Ion Species Stratification Within Strong Shocks in Two-Ion Plasmas

Strong collisional shocks in multi-ion plasmas are featured in many environments, with Inertial Confinement Fusion (ICF) experiments being one prominent example. Recent work [Keenan ${\it et \ al.}$, PRE ${\bf 96}$, 053203 (2017)] answered in detail a number of outstanding questions concerning the kinetic structure of steady-state, planar plasma shocks, e.g., the shock width scaling by Mach number, $M$. However, it did not discuss shock-driven ion-species stratification (e.g., relative concentration modification, and temperature separation).
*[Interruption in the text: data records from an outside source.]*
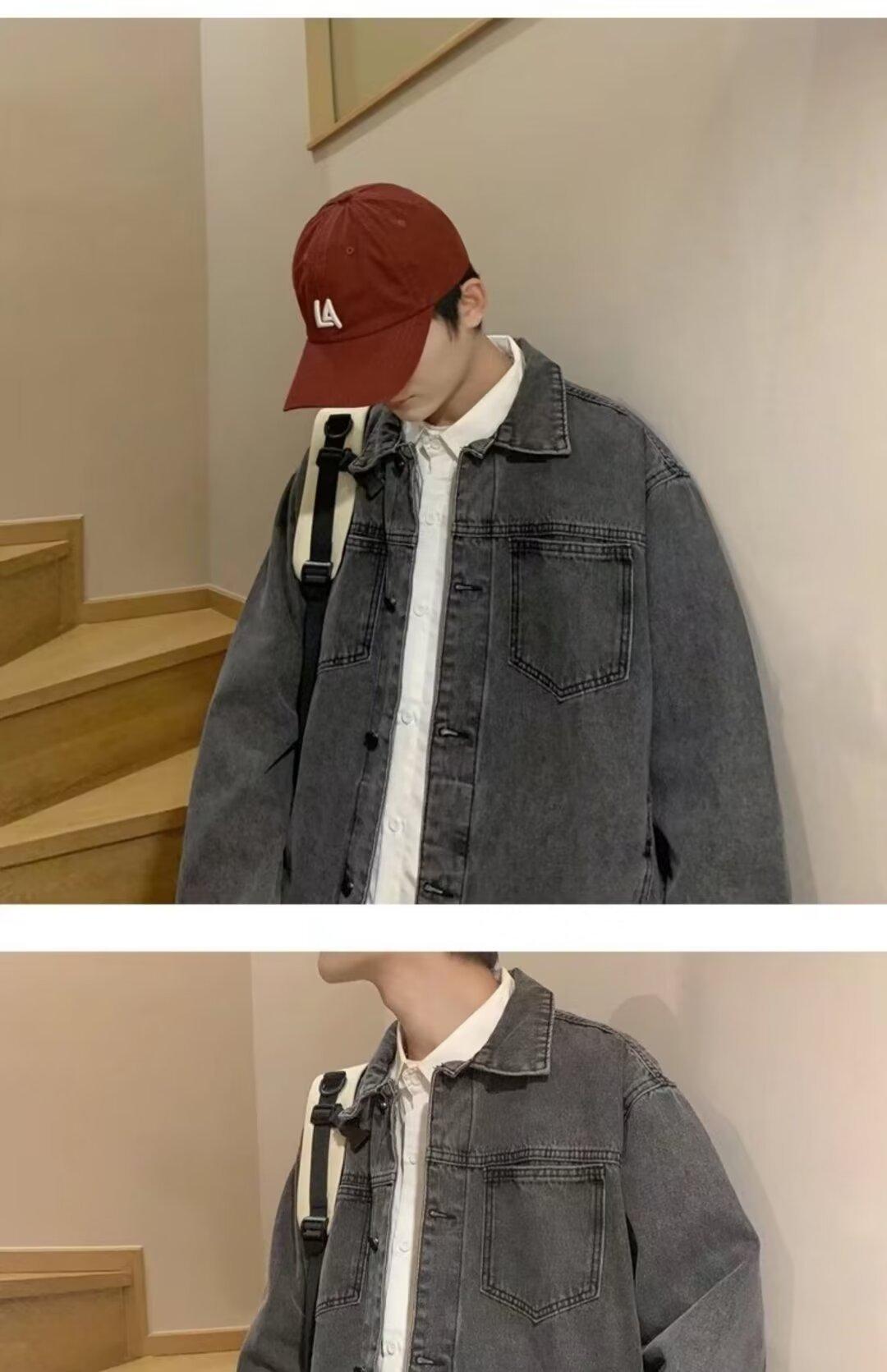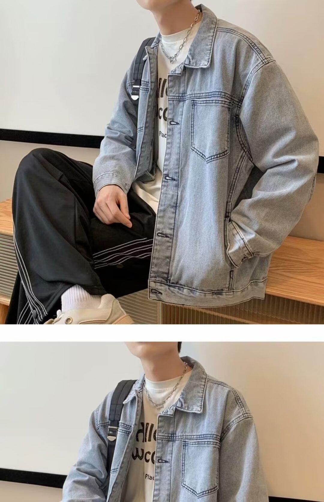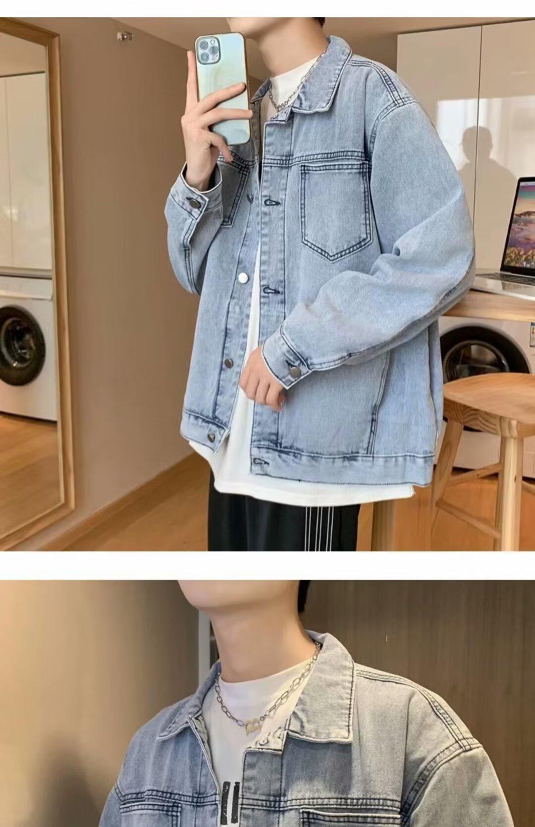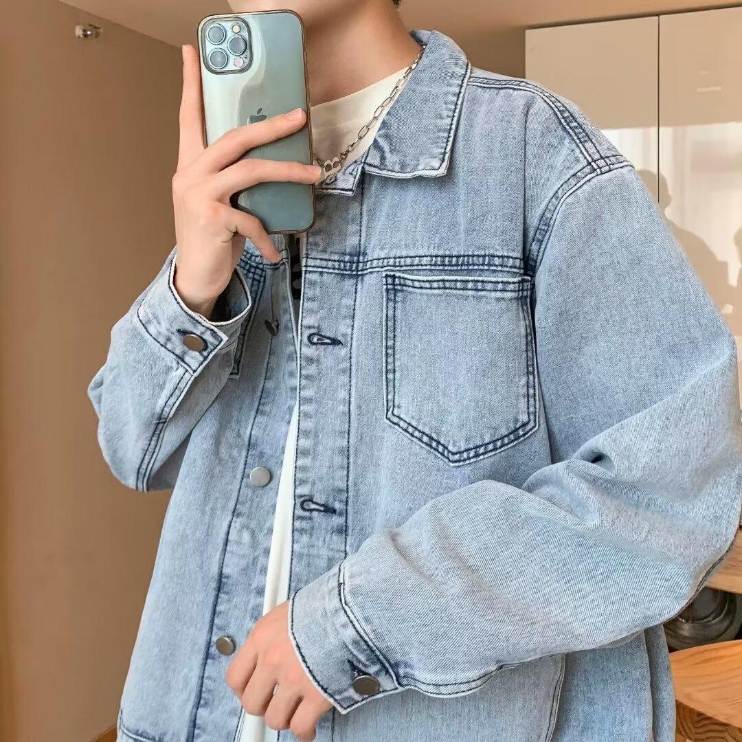 Chaqueta de hombre chaqueta de hombre primavera y otoño estilo coreano moderna retro holgada solapa casual corta ropa de trabajo top de mezclilla
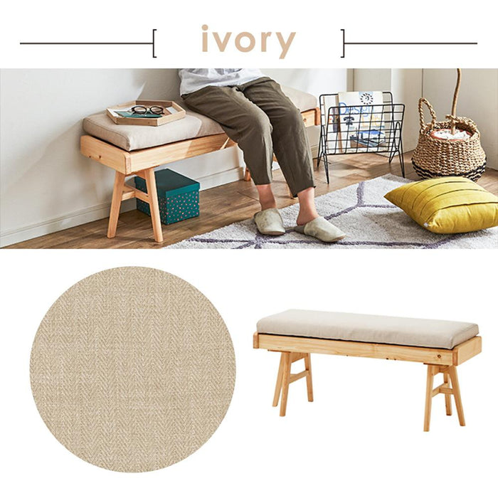 ベンチ 幅105cm 国産ひのき 無垢材 ファブリック 北欧
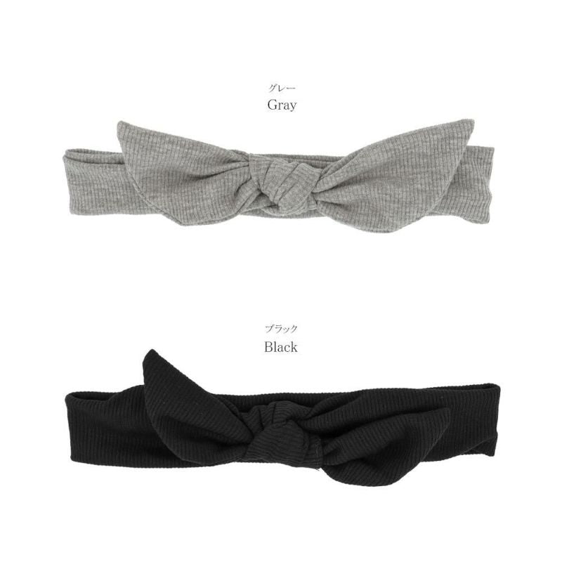 ヘアバンド ワイヤー入りリボン リブ素材 グレー/ブラック
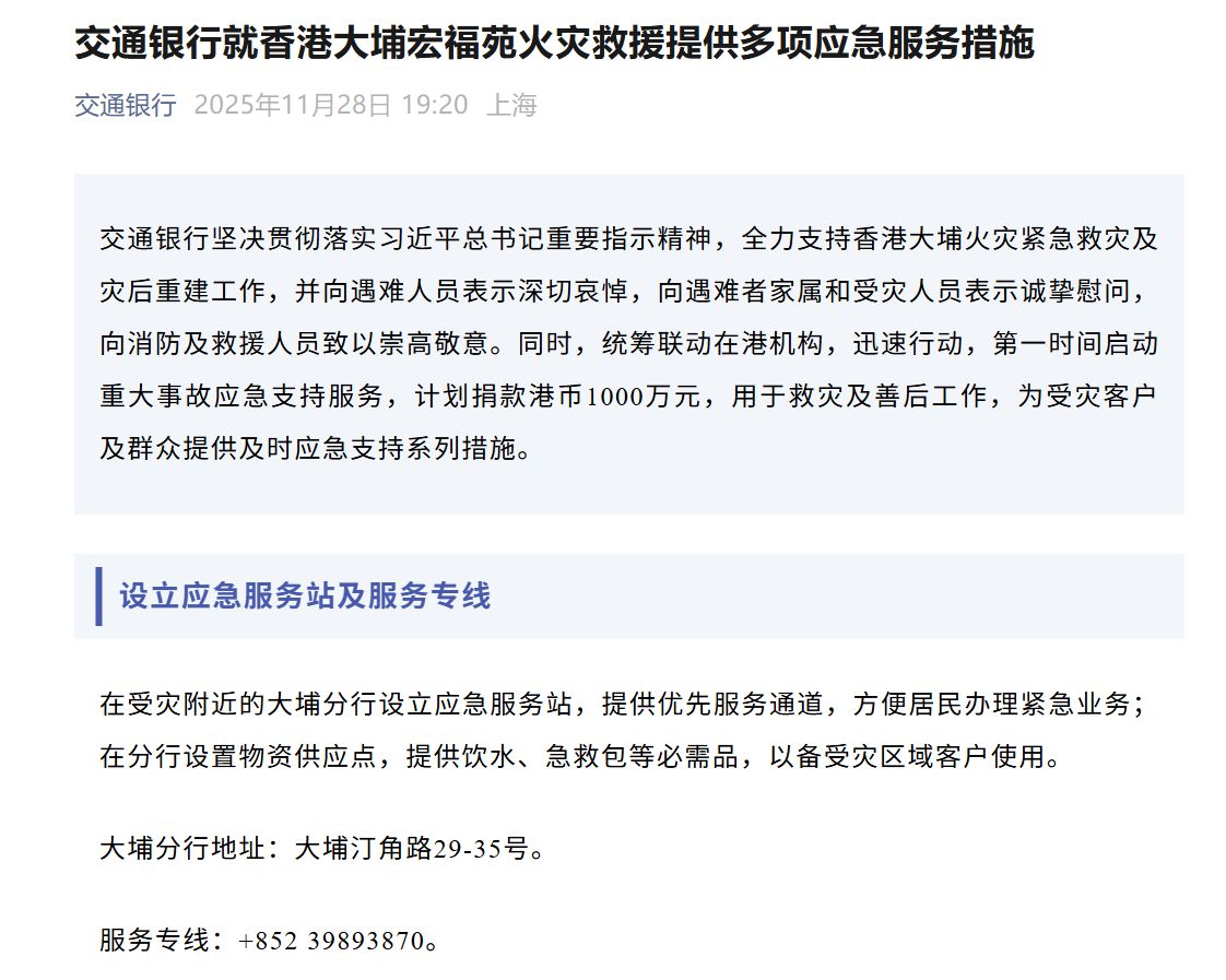 28日,交通銀行稱,計(jì)劃捐款港幣1000萬(wàn)元,用于救災(zāi)及善后工作,為受災(zāi)客戶及群眾提供及時(shí)應(yīng)急支持系列措施。
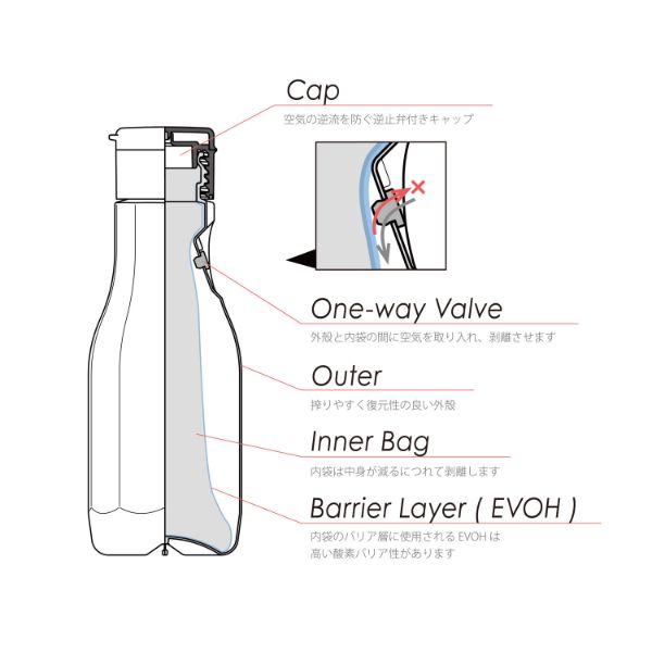 中身と空気の接触を減らし、開封後の鮮度保持力を高めた画期的な二重構造剥離ボトルです。[鮮度保持]内袋がバリア性を持つため、開封後の内容物の長期的な鮮度保持が可能(PET・ビン比較)。[残量低減]内容物の減少と共に内袋が縮むため、残量低減が可能。[耐熱]85℃。[サイズ展開]100、200、360、450ml。醤油や健康オイルなど多数実績あり。※キャップは別売り。サイズ:φ63.2×175.1mm材質:PP多層(最内層PE)重量:23g容量:390ml(満注容量)商品コード00447200メーカー名キョ−ラクサイズφ63.2×175.1mm材質PP多層(最内層PE)重量23.00g容量390ml(満注容量)種別本体のみ対応蓋(別売)HK cap スクリュータイプ ストレートノズル φ4 黒(SNSG4)対応付属品(別売)調味料入れ キャップシール(MHB・ハクリボトル用) キョ-ラク関連商品(ケース)ハクリボトル スクリュータイプ HK-S360 150点・注意事項:モニターの発色によって色が異なって見える場合がございます。・領収書については、楽天お客様マイページから、商品出荷後にお客様自身で印刷して頂きますようお願い申し上げます。・本店では一つの注文に対して、複数の送り先を指定することができません。お手数おかけしますが、注文を分けていただきます様お願い致します。・支払い方法で前払いを指定されて、支払いまで日数が空く場合、商品が廃番もしくは欠品になる恐れがございます。ご了承ください。・注文が重なった場合、発送予定日が遅れる可能性がございます。ご了承ください。・お急ぎの場合はなるべく支払い方法で前払い以外を選択いただきます様お願い致します。支払い時期によっては希望納期に間に合わない場合がございます。
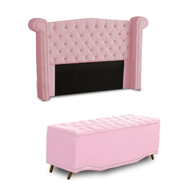 KIT + Cabeceira Com Recamier Baú Dunas Princesa em captonê 0,90 solteiro Cama Box Rosa Bebê Corino D Rosa Bebê
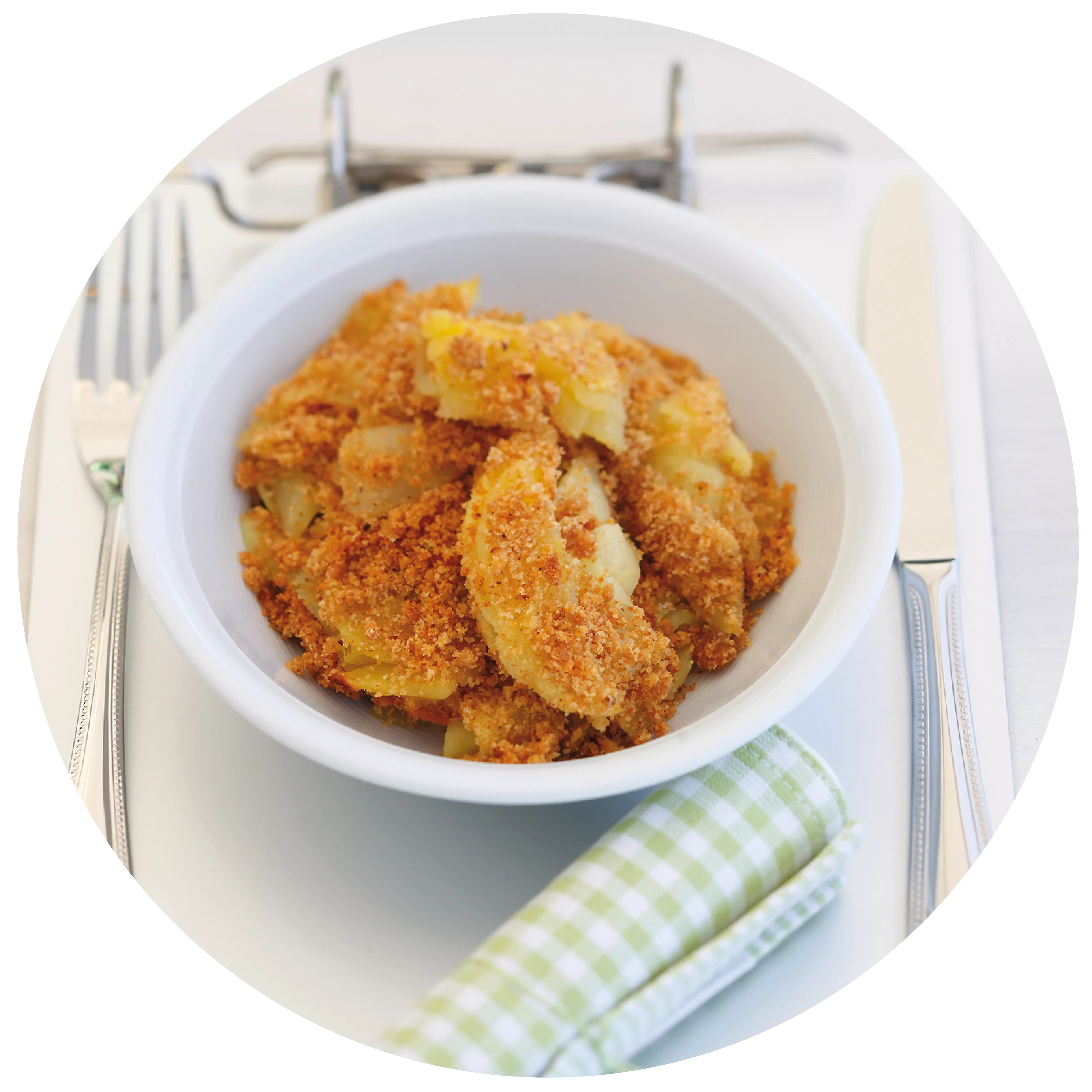 パン粉、バター、スパイス、砂糖大さじ2をフライパンで炒める。リンゴは皮をむいて輪切りにする。ラム酒と砂糖を加えた白ワインで汁気がなくなるまで炒める。
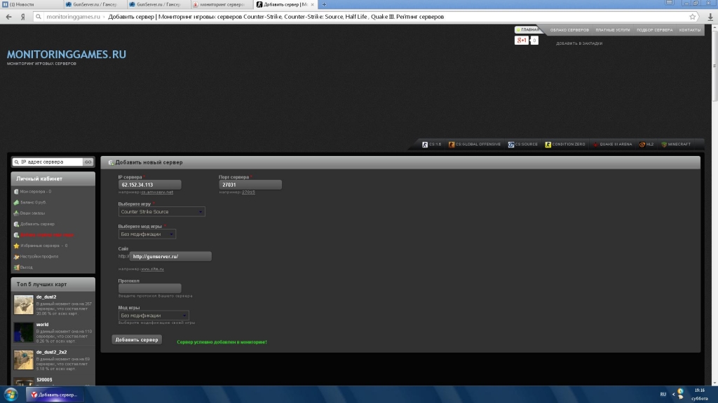 Сайт GunServer.ru
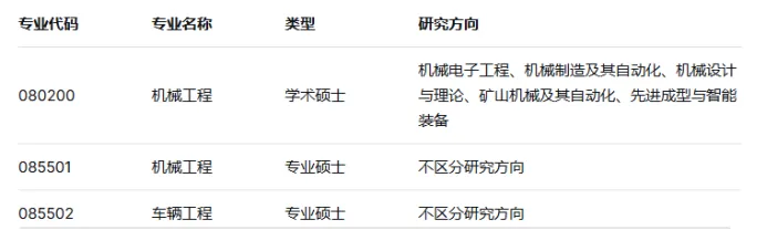 太原理工大学机械工程学院2025届推免共招收3个专业,涵盖学术硕士、专业硕士和直博生三种类型:
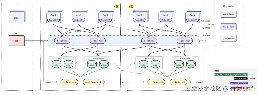 - Redis-proxy 为代理组件,业务通过 proxy 可以像使用单点实例一样访问 Redis 集群,使用更简单,并且在Redis-proxy 上提供同区优先就近读、key 维度或者命令维度限流等高级功能;
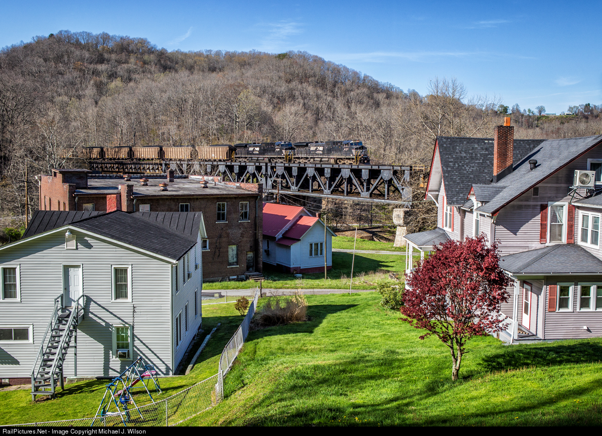 NS #4137 and #4408, hauling a loaded eastbound coal train, have just crested Elkhorn Grade and are crossing Cooper's Trestle in Coopers, WV on the afternoon of April 26, 2021. This coal will be bound for export at the ports of Norfolk, Virginia. Below the trestle is a church which was, according to town history, originally built by John Cooper, a coal mine owner and founder of Coopers, WV, to serve the white congregation in his town during the era of segregation and Jim Crow laws, prior to the Civil Rights Act. Out of the frame "across" the tracks is another church built to serve the African American congregation in the town that is twice the size of the "white church" and is still used today. Next to the church in the frame is the brick company store for the town, unused today.
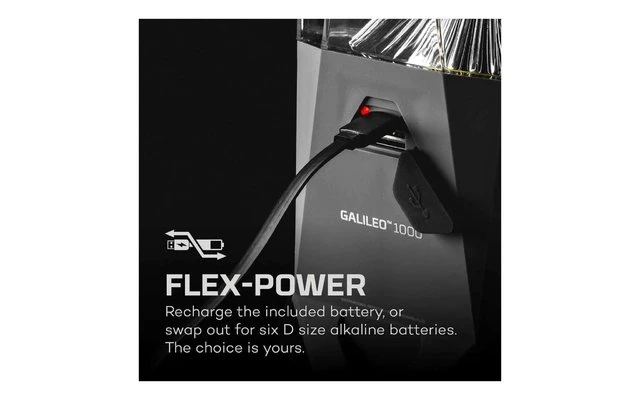 Bei der GALILEO 1000 kann Dank Flex-Power, die Laterne alternativ auch mit 6x D-Cell Batterien betrieben werden.
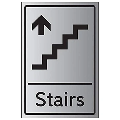 V Safety Stairs Arrow Up Sign 150 x 200 mm Self Adhesive Aluminium Effect
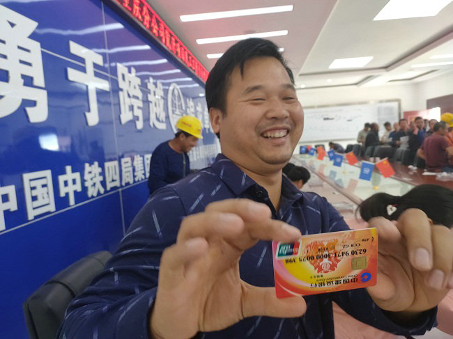 屋內(nèi)熱火朝天,一位剛激活工資卡的湖南小伙李中輝說(shuō)道:“很開心,在很多工地工作過(guò),這是第一次享受這個(gè)待遇,在工作人員的耐心指導(dǎo)下,我知道怎么使用網(wǎng)銀。”另一位重慶工友蔡光明也表示“很貼心,項(xiàng)目部工會(huì)能把銀行‘帶來(lái)工地’方便多了,有了這張卡片,進(jìn)賬出賬都有短信提醒,我感到很安心、放心。我在這個(gè)工地,更加有了擼起袖子加油干的決心和信心。”
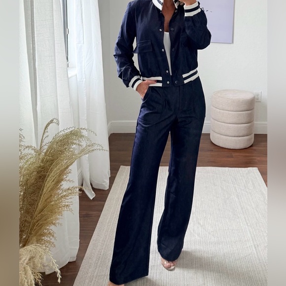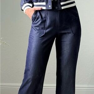 Stylish side wide leg pants by Ovi. Dark blue hue. Perfect for versatile wear. Like luxury jean not heavy more for dress and not ironed.
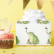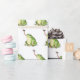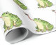 A green frog with large spots extends its tongue to catch a fly, sitting against a neutral background, showcasing a playful, lively artwork style reminiscent of Matsumoto Hoji.
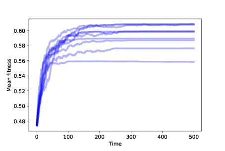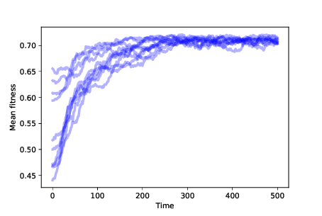 Figure ?? shows the results of 10 simulations with mutation and differential survival and reproduction. In every case, the population evolves toward the location with maximum fitness.
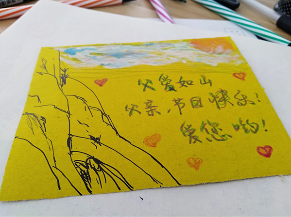 电子1703班的活动分为两大部分进行。书写感激,纸短情长:6月17日上午,电子1703班团支部在活动室借以书信和卡片的形式来抒发对父亲的感激之情。父爱如山,厚重无言,同学们对父亲的爱则简单直白,只见同学们在贺卡上大胆表白:“父爱如山,父亲,节日快乐!爱您哟!”虽然只是寥寥数语,但字字真情,单纯真挚。想念不用时常挂在嘴边,要用行动表现;祝福无需点缀华丽语言,唯真诚最关键。
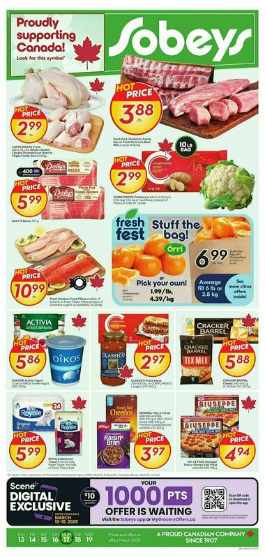 This page provides you with the latest weekly flyer for Sobeys. It is valid from Thursday 06/06 through Wednesday 06/12/2024. You can browse through 17 pages. You are on page number 1. Deals expire in . Future deals will be available here on Thursday 06/13/2024. Special offers are available here for Sobeys during public holidays. These include: Remembrance Day, Black Friday and Xmas Day. Please see Walmart Flyer from December 11 (valid from Thursday 12/11 through Wednesday 12/17/2025) for more interesting offers. Additional information can be found at www.sobeys.com or by dialing 1-888-944-0442.
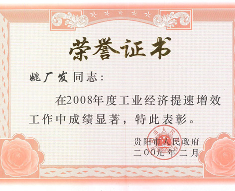 2008年在面对全球金融危机的大背景下,德昌祥药业经营业绩取得了历史性突破,实现了快速、健康发展,对地方经济建设做出了积极贡献。针对德昌祥在2008年度工业经济提速增效工作中成绩显著,贵阳市政府特给予德昌祥药业董事长姚厂发先生表彰奖励。

These are important effects, since many recent ICF experiments have evaded explanation by standard, single-fluid, radiation-hydrodynamic (rad-hydro) numerical simulations, and shock-driven fuel stratification likely contributes to this discrepancy. Employing the state-of-the-art Vlasov-Fokker-Planck code, iFP, along with multi-ion hydro simulations and semi-analytics, we quantify the ion stratification by planar shocks with arbitrary Mach number and relative species concentration for two-ion plasmas in terms of ion mass and charge ratios. In particular, for strong shocks, we find that the structure of the ion temperature separation has a nearly universal character across ion mass and charge ratios. Additionally, we find that the shock fronts are enriched with the lighter ion species, and the enrichment scales as $M^4$ for $M \gg 1$.